1. Introduction to Text Processing in Bash
Bash provides powerful tools for processing and manipulating text data. These tools are essential for system administration, log analysis, and data processing tasks.
2. grep: Pattern Matching and Searching
grep is used to search for patterns in text files.
# Search for a pattern in a file
grep "error" logfile.txt
# Case-insensitive search
grep -i "warning" logfile.txt
# Recursive search in directories
grep -r "TODO" /path/to/project/
# Show line numbers
grep -n "important" document.txt
# Invert match (show lines that don't match)
grep -v "exclude" data.txt
3. sed: Stream Editor
sed is used for text transformation and substitution.
# Replace first occurrence of a pattern in each line
sed 's/old/new/' file.txt
# Replace all occurrences of a pattern
sed 's/old/new/g' file.txt
# Delete lines matching a pattern
sed '/pattern/d' file.txt
# Insert text at a specific line
sed '2i\Inserted text' file.txt
# Apply multiple sed commands
sed -e 's/foo/bar/g' -e 's/baz/qux/g' file.txt
4. awk: Text Processing and Data Extraction
awk is a powerful tool for processing structured text data.
# Print specific columns (fields)
awk '{print $1, $3}' file.txt
# Use custom field separator
awk -F':' '{print $1}' /etc/passwd
# Sum values in a column
awk '{sum += $3} END {print sum}' data.txt
# Filter rows based on a condition
awk '$3 > 100 {print $0}' data.txt
# Replace field contents
awk '{$2 = "new_value"; print}' file.txt
5. cut: Extract Sections from Lines
cut is used to extract specific parts of lines from files.
# Extract characters by position
cut -c 1-5 file.txt
# Extract fields using a delimiter
cut -d':' -f1,3 /etc/passwd
# Complement selection
cut -d',' --complement -f2 data.csv
6. sort: Sort Lines of Text
sort is used to sort lines of text files.
# Sort lines alphabetically
sort file.txt
# Sort numerically
sort -n numbers.txt
# Sort by specific field
sort -k2 data.txt
# Remove duplicate lines after sorting
sort -u file.txt
# Sort in reverse order
sort -r file.txt
7. uniq: Report or Omit Repeated Lines
uniq is often used in combination with sort to handle duplicate lines.
# Remove duplicate consecutive lines
sort file.txt | uniq
# Count occurrences of lines
sort file.txt | uniq -c
# Display only duplicate lines
sort file.txt | uniq -d
# Display only unique lines
sort file.txt | uniq -u
8. tr: Translate or Delete Characters
tr is used for translating or deleting characters.
# Convert lowercase to uppercase
echo "hello" | tr 'a-z' 'A-Z'
# Delete specific characters
echo "hello 123" | tr -d '0-9'
# Squeeze repeating characters
echo "hello world" | tr -s ' '
Tip: Combining Commands
These tools are most powerful when combined using pipes (|).
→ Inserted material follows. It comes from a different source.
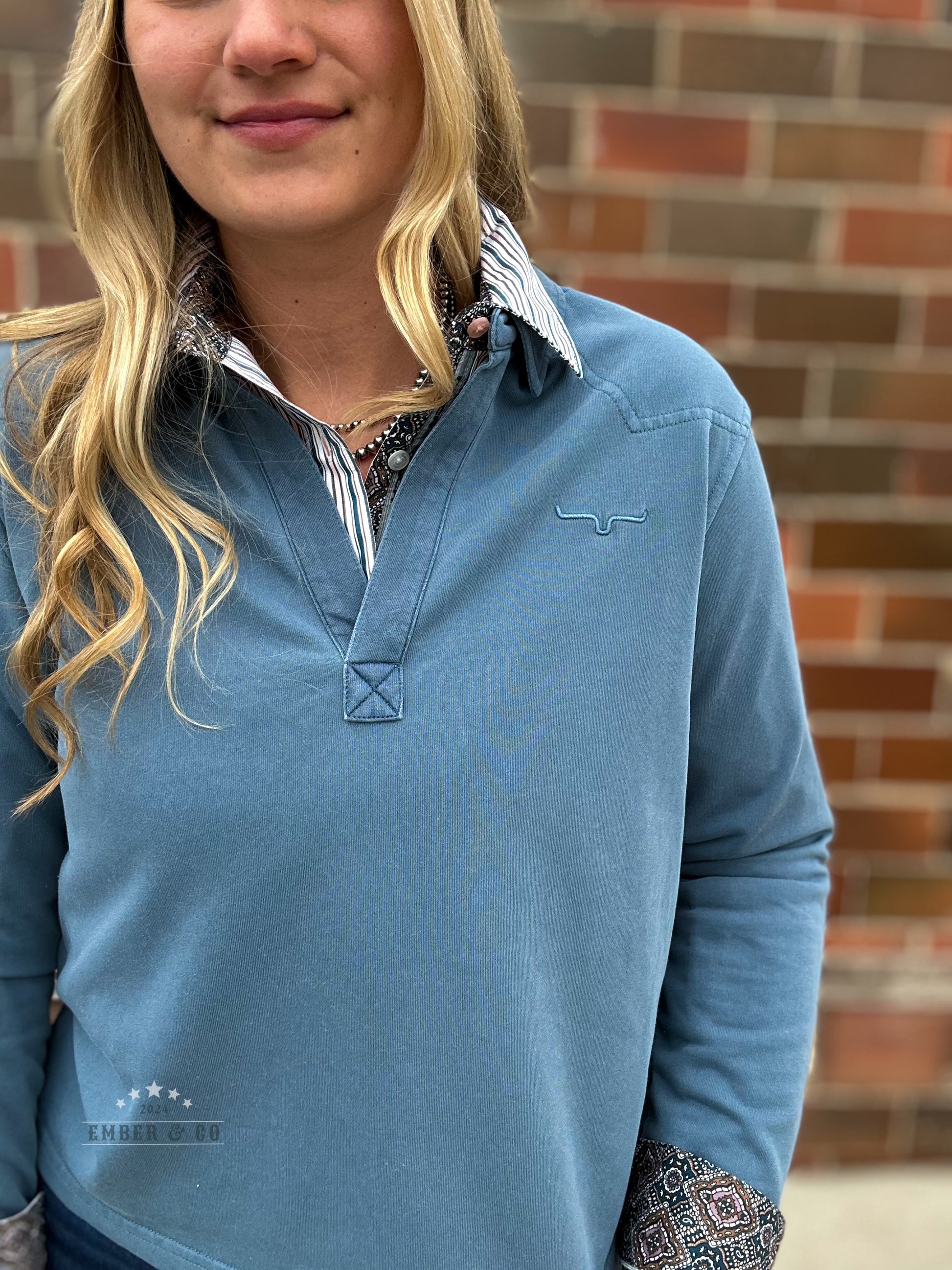A gorgeous blue long sleeve by Kimes Ranch. Features a v-neck style to pair with collared button-ups but also adorable on its own! A very lightweight material.

For example:
cat logfile.txt | grep "error" | sort | uniq -c | sort -nr
This command will find all "error" lines in logfile.txt, sort them, count unique occurrences, and display the results sorted by frequency.
9. Regular Expressions
Many of these tools support regular expressions for powerful pattern matching:
- . (dot): Matches any single character
- * (asterisk): Matches zero or more occurrences of the previous character
- ^ (caret): Matches the start of a line
- $ (dollar): Matches the end of a line
- [ ]: Matches any one of the enclosed characters